The blueberry grows both in the wild and as a commercial crop. It has doubled its commercial production from the year 2010 to 2019 from 439,000 t to 1.0 million t, of which the main producing countries are the United States, Canada, Chile, and Peru (USDA, 2021). The production of blueberries in Colombia ranks sixth among South American countries, with 304 ha cultivated in 2018, located mainly in the departments of Cundinamarca and Boyacá and harvested to satisfy local consumption (Agronet, 2022). Blueberries are fruits with a low sugar content, a high antioxidant capacity and a high content of flavonoids, among which anthocyanins stand out. Their consumption provides many benefits for human health (Salgado et al., 2018), among which the improvement of vision and antidiabetic properties are highlighted (Yang et al., 2022).

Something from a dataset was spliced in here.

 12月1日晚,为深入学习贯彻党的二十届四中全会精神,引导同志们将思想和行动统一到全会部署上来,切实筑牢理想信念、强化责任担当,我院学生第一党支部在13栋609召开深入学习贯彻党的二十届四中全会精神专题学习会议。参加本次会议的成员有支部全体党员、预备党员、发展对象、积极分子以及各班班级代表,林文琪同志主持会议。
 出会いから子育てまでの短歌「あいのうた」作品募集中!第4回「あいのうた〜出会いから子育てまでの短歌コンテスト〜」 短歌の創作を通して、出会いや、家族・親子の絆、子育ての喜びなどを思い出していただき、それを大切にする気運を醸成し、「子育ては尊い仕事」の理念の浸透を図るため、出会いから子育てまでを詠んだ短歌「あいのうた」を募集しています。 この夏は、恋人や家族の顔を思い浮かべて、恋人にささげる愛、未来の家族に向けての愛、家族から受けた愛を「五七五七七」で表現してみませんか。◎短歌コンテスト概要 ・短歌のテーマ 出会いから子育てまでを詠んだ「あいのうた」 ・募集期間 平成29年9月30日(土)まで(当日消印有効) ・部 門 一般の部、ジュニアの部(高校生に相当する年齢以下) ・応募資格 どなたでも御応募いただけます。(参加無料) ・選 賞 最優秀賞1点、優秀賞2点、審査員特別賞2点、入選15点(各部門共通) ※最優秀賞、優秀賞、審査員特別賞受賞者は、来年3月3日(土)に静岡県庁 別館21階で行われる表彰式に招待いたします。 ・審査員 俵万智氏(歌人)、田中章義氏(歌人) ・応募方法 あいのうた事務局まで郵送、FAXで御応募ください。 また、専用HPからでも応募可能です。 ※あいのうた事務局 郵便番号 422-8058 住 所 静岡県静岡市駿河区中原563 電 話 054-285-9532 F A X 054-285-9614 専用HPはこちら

Currently, there are many varieties of blueberry on the market, including the 'Biloxi' variety that could easily adapt to different altitudes (Araujo et al., 2015). The fruits of blueberry crops could suffer from physical damage and attacks by pathogens and diseases during storage, resulting in economic losses. Different natural extracts and compounds, such as acibenzolar-S-methyl (ASM), have been tested, with positive effects on the conservation of fruits of mango (Mangifera indica L.) and cabbage (Brassica oleracea L.) (Ishiga et al., 2021); thus, increasing the postharvest life of blueberry fruits is possible.
ASM is a synthetic compound and chemical activator of plant resistance to diseases through the activation of specific genes (Colombo et al., 2018). It acts as a functional analog of salicylic acid, inducing systemic acquired resistance (SAR) (Jepersen et al., 2017). ASM maintains fruit quality by regulating enzymes that degrade the cell wall during storage in apples (Malus domestica Borkh) (Li et al., 2020).

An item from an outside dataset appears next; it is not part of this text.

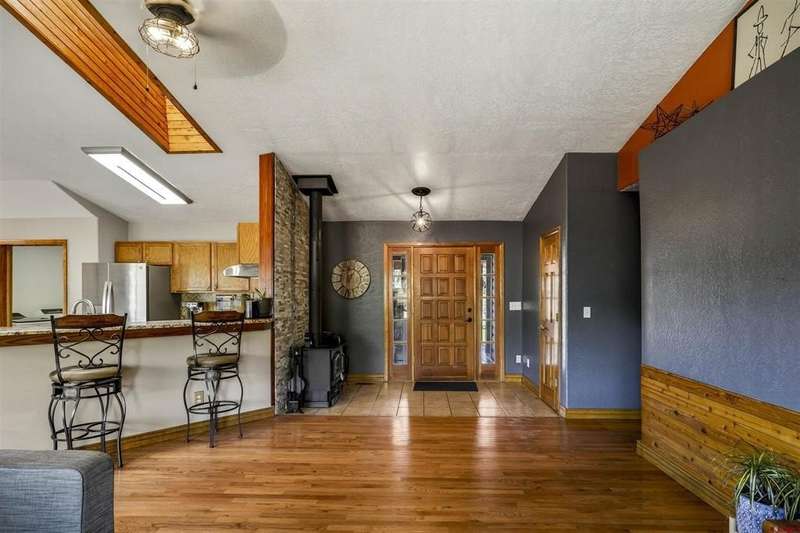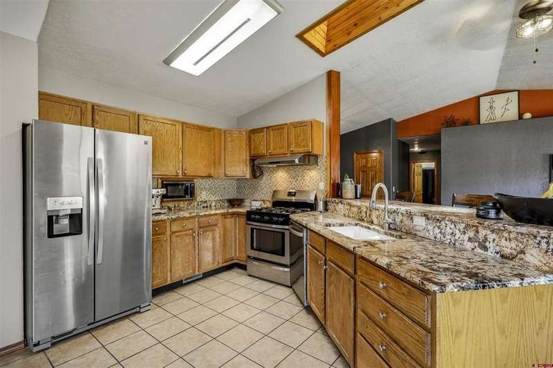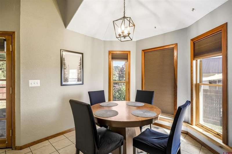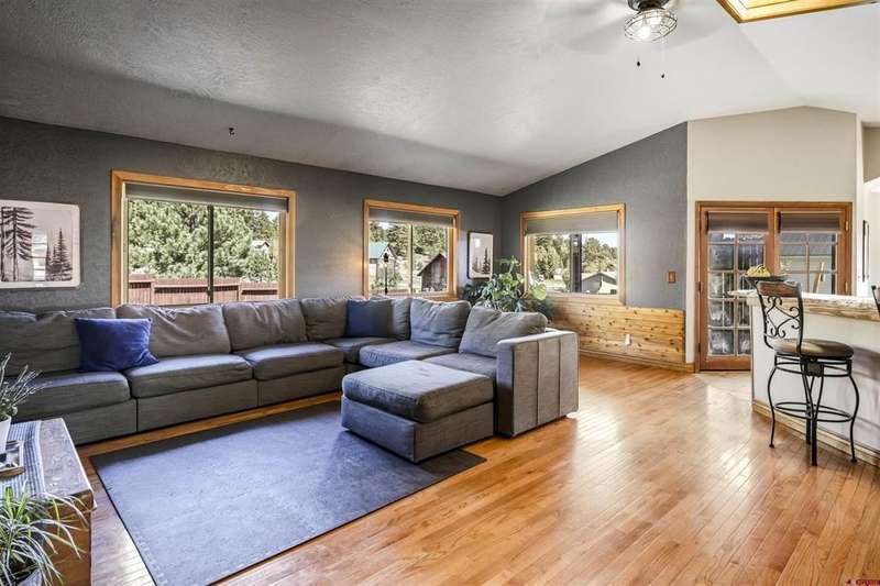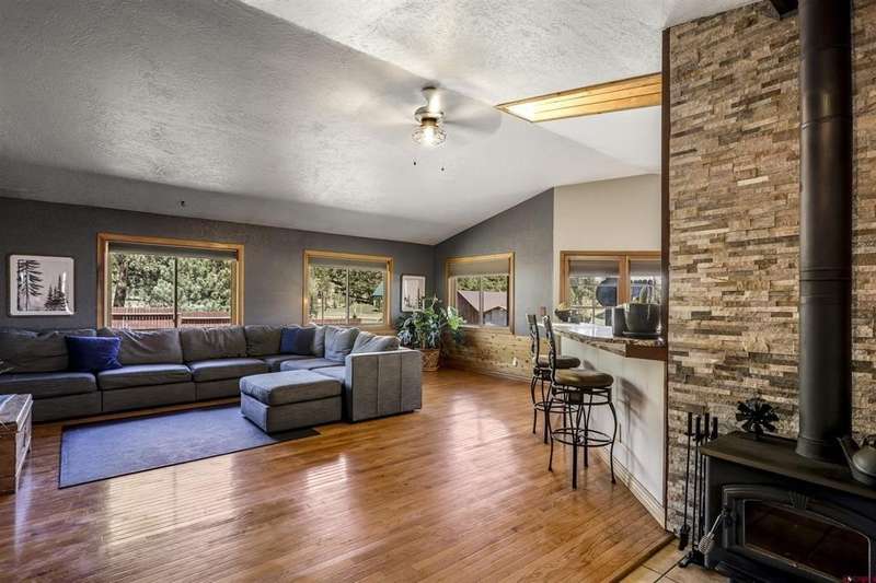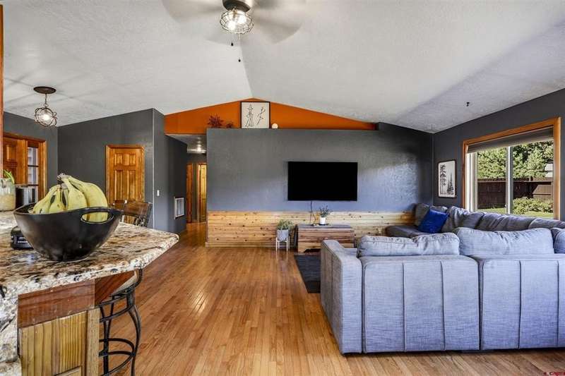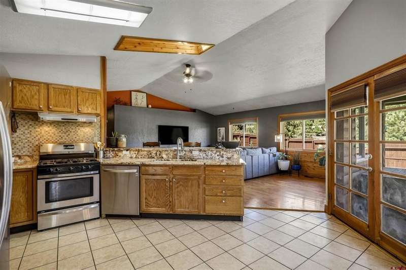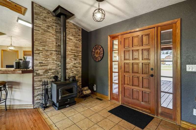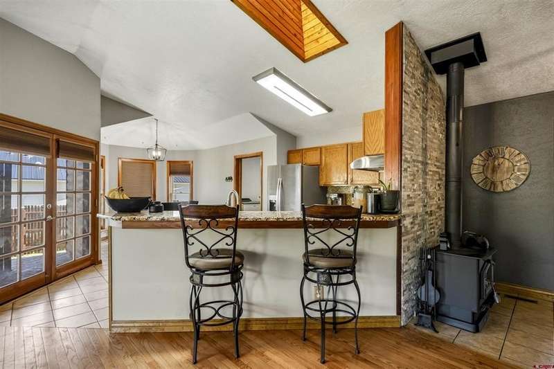 Juli Morelock, Galles Properties, C: 970-946-2137, juli@gallesproperties.com, https://julimorelock.com: Welcome to 77 Flintlock Drive! This charming single-level home offers 1,635 square feet with 3 bedrooms and 2 bathrooms, all set on a .25 acre lot with a huge fenced backyard and mountain views. Inside, you’ll find solid oak hardwood floors flowing through the living room, hallway, and bedrooms, accented by a cozy woodstove with a stacked rock wall for both warmth and mountain-style character. The woodstove location makes it very convenient for bringing in firewood off the covered porch. The kitchen features granite countertops, stainless steel appliances, and tile flooring, with a sunny dining nook just off to the side.The spacious primary suite includes a beautifully finished bathroom with a custom tile design, walk-in shower, and a relaxing clawfoot soaking tub. Recently painted interior and new fixtures, the home also has an attached 2 car garage and plenty of outdoor parking for a large RV. Outdoor enthusiasts will love the location: just a short distance from a National Forest access gate for hiking, mountain biking, and running, plus nearby Lake Hatcher for fishing, kayaking, and paddleboarding. This home combines comfort, convenience, and adventure in one package.

The effect of different essential oils, including the extract of red thyme and oregano, proved to be very effective against mold in storage, and extracts of thyme, mint, and limonene had the most effective preservative action on stored strawberries during 14 d of postharvest (Saxena et al., 2020).

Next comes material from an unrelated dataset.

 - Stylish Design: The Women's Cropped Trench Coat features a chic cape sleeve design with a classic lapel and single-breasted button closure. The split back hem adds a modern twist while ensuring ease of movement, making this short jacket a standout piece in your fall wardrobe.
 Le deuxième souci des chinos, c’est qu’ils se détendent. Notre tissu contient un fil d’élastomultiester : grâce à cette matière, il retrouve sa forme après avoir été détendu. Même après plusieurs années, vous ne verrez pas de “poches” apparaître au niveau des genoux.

Applications of these products have been effective in the management of phytopathogens; however, the effect they have on the physical, chemical, and quality characteristics of blueberry fruits must be tested (Saxena et al., 2020). Therefore, the application of ASM and vegetable extracts (mint and coriander) was evaluated on the organoleptic characteristics and respiration rate of blueberry fruits stored at room temperature (16°C) during postharvest.
Materials and methods
Location
This research was developed in the Plant Physiology Laboratory of the Universidad Pedagógica y Tecnológica de Colombia (Boyacá, Colombia), Tunja, at 5°33'16" N and 73°21'09" W, with an average annual temperature of 16°C and average relative humidity of 65%.
Materials
The fruits were harvested from an organic commercial crop two years of age, located on the 'La Nutria' farm, El Carmen village in the municipality of Combita, at an altitude of 2697 m a.s.l., 5°41'54'' N and 73°16'11'' W, with an average annual temperature of 12.5°C and relative humidity ranging from 70% to 80%.
Twenty kg of 'Biloxi' variety blueberry fruits was collected with average weights of 1.3 to 1.5 g per fresh fruit, between 6:00 and 8:00 a.m. These were transported in 10 kg plastic baskets from the farm to the laboratory, under ambient conditions in a time of 35 min. Ripe fruits were selected according to the Colombian technical standard for blueberries NTC-6373 (Icontec, 2019), free from mechanical damage and with a uniform dark purple color and a size greater than 8 mm in diameter, using a grading sieve in order to homogenize the sample.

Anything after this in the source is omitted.